This Premium Q&A, reviewed and published, features a real conversation between an iCliniq user and a physician.

Patient's Query

Hi doctor,

I want a second opinion and clarification on what to do with abnormal laboratory reports. I had a routine annual health check-up. Unfortunately, this lab panel included a CA19-9. However, my CA19-9 was noted to be a little high.

This past month, I had other laboratory tests, including CBC, chemistry panel, glucose, TSH, CEA, C-reactive protein, sedimentation rate, liver function tests (including bilirubin), amylase, and lipase. I also had an MRI of the abdomen, a CT of the pelvis, and even an MRCP, and all were normal.

I repeated an MRI of the abdomen yesterday, and it was again normal. Furthermore, I ended up getting a Cologuard colon cancer test and something called a Galleri Cancer Blood test (which tests DNA fragments for 50 cancers), and they both came back normal.

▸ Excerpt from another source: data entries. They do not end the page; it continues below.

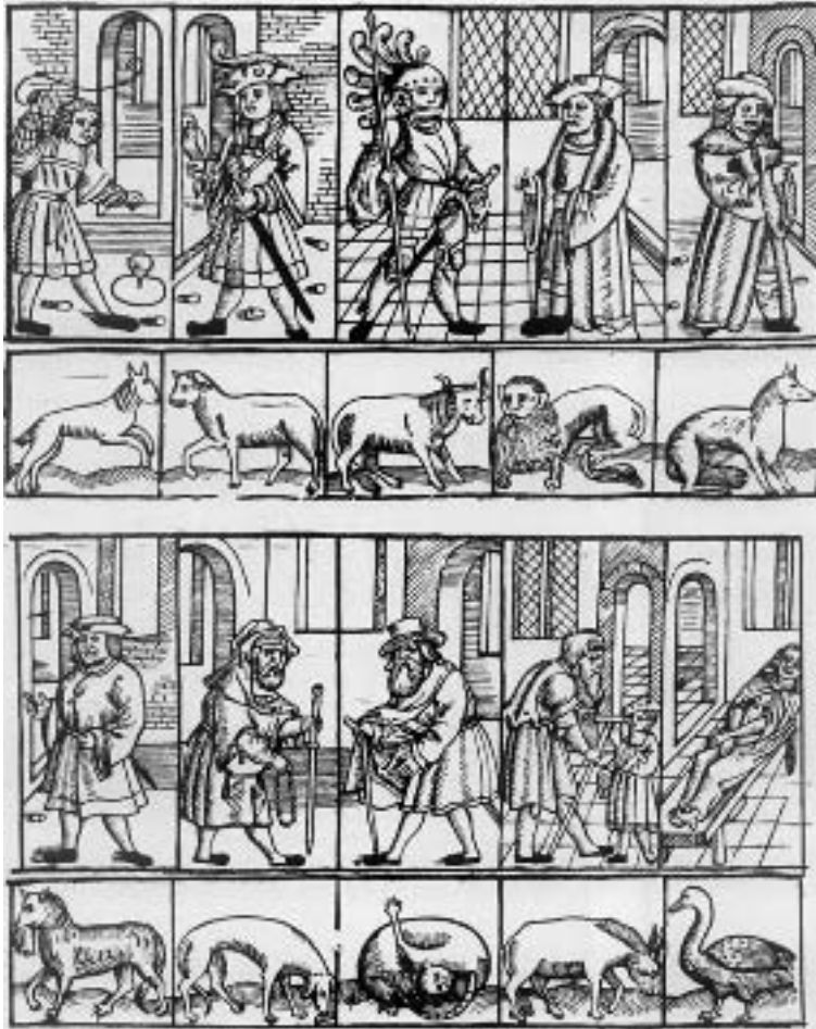
Abb. 2: Die zehn Lebensphasen (Holzschnitt, aus: Jan van Doesborch, Der Dieren Palley , Antwerpen 1520; »Der Palast der Tiere«). Nach einem im 15. und 16. Jh. in Mittel- und Westeuropa verbreiteten Motiv werden die zehn Lebensphasen des Mannes hier mit Tieren verglichen: Zum 10-jährigen, einem spielenden Kind, gehört ein junger, springender Bock. Der 20-jährige ist durch ein Schwert und einen Falken als kampflustig dargestellt; sein Tiersymbol ist das Kalb. Stier und Löwe bei den 30- und 40-jährigen vertreten die Kraft und Stärke der mittleren Jahre. Der Unfug treibende Fuchs bei dem 50-jährigen, der gefräßige Wolf bei dem 60-jährigen und die ihren After leckende Katze bei dem 80-jährigen sollen negative Eigenschaften Älterer zeigen (untere Reihe). Der 70-jährige – mit Stock und Rosenkranz – beginnt, an das Jenseits zu denken; er wird mit einem Hund verglichen, der einen Knochen abnagt. Der 90-jährige gleicht dem Esel und wird deshalb von Kindern verspottet. Der 100-jährige liegt schon tot auf der Bahre; der Tod verschlingt alles – wie die gestopfte Gans [35. 19–21].

Dante im Anschluss daran diese Bewegung als einen symmetrischen Bogen beschrieben, »der von der Erde zum Himmel aufsteigt bis zum Kulminationspunkt, von dem aus er wieder absteigt«; der Zenit des Lebens werde mit 35 Jahren erreicht [13. 34]; [63. 103].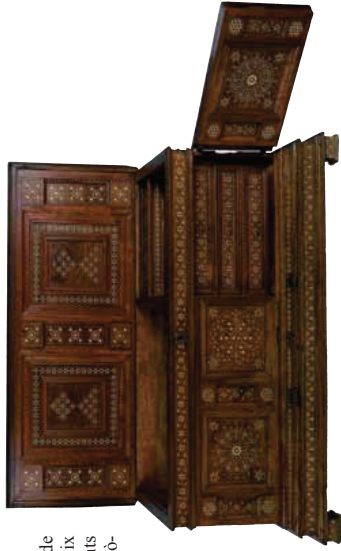
Caixa. Catalunya, finals segle XVI - inici segle XVII. Museu Monestir de Pedralbes (MMPB 115.008)

terial per a l'entapissat de les cadires i ja no apareix registrat en els documents dels següents tallis cronològics que hem estudiat. Pel que fa les característiques formals, trobem en algunes de les cases inventariades cadires d'estils poc actuals, des-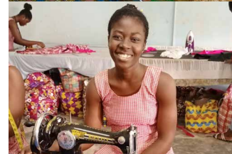
Angehende Schneiderinnen im Ausbildungszentrum GEP - Portia im eigenen Shop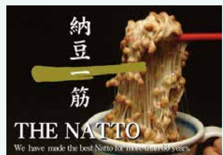
鎌倉山納豆の海外PR資料

今後は香港からの具体的な成約を目指すとともに、東南アジアや中国、世界への販路開拓を狙っていく。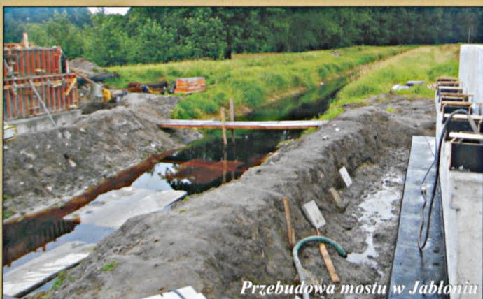
Przebudowa mostu w Jabloniu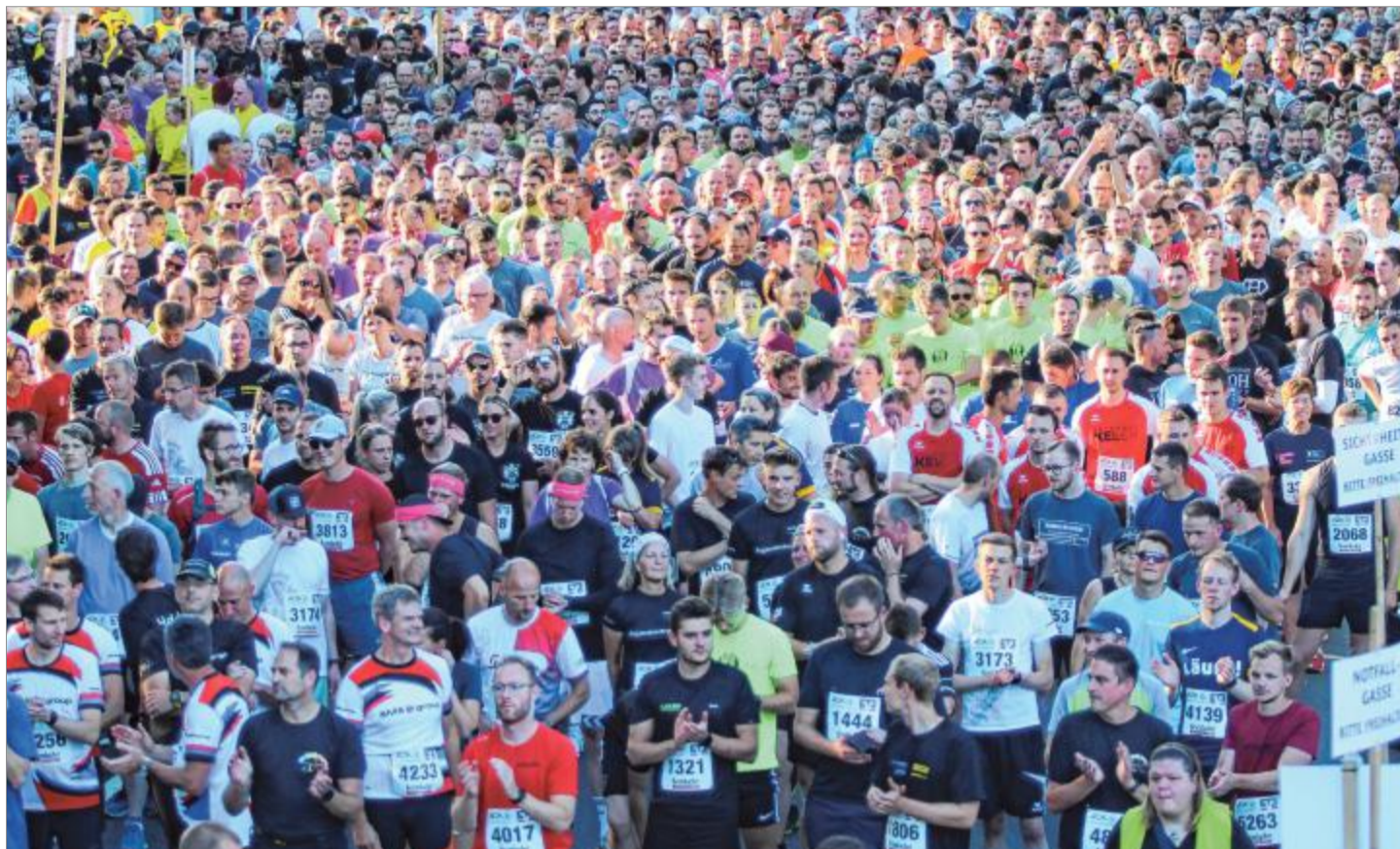
Am Mittwochabend wird es wieder voll auf dem Bismarckplatz in Weidenau: Ab 19 Uhr stellen sich die Läuferinnen und Läufer entsprechend ihres individuellen Leistungsvermögens auf.

Knapp 8500 Teilnehmerinnen und Teilnehmer werden auch in diesem Jahr wieder vor Ort mit dabei sein. Der gemeinsa-

I also had a home H. pylori test kit, which was normal. My doctor thinks I should follow the CA19-9 level in three to four months. What should I do? I am only on Norvasc 5 mg for hypertension and Melatonin for sleep. There is no significant past medical history. My vital signs are all normal.

Thanks.

Answered by Dr. Ajeet Kumar

Hi,

Welcome to icliniq.com.

I understand your concern.

I understand you are very concerned about the elevated levels of CA 19-9. Please note that cancer antigen 19-9 (CA 19-9, also known as carbohydrate antigen 19-9) is a tumor-associated mucin glycoprotein antigen related to the Lewis blood group protein.

This antigen is present in epithelial tissues of the pancreas, biliary ductular cells, stomach, gallbladder, colon and endometrium, salivary glands, and prostate, meaning that this can increase above its reference level if the above tissues are disrupted or damaged. Since you had dental procedures, salivary glands are usually disrupted, which can explain your raised levels of CA19-9.

Also, the literature says that CA19-9 is neither a sensitive nor a specific marker for pancreatic cancer nor a particular marker for other malignancies. This antigen is more helpful in follow-up with patients post-surgery among subjects who already have proven cancers.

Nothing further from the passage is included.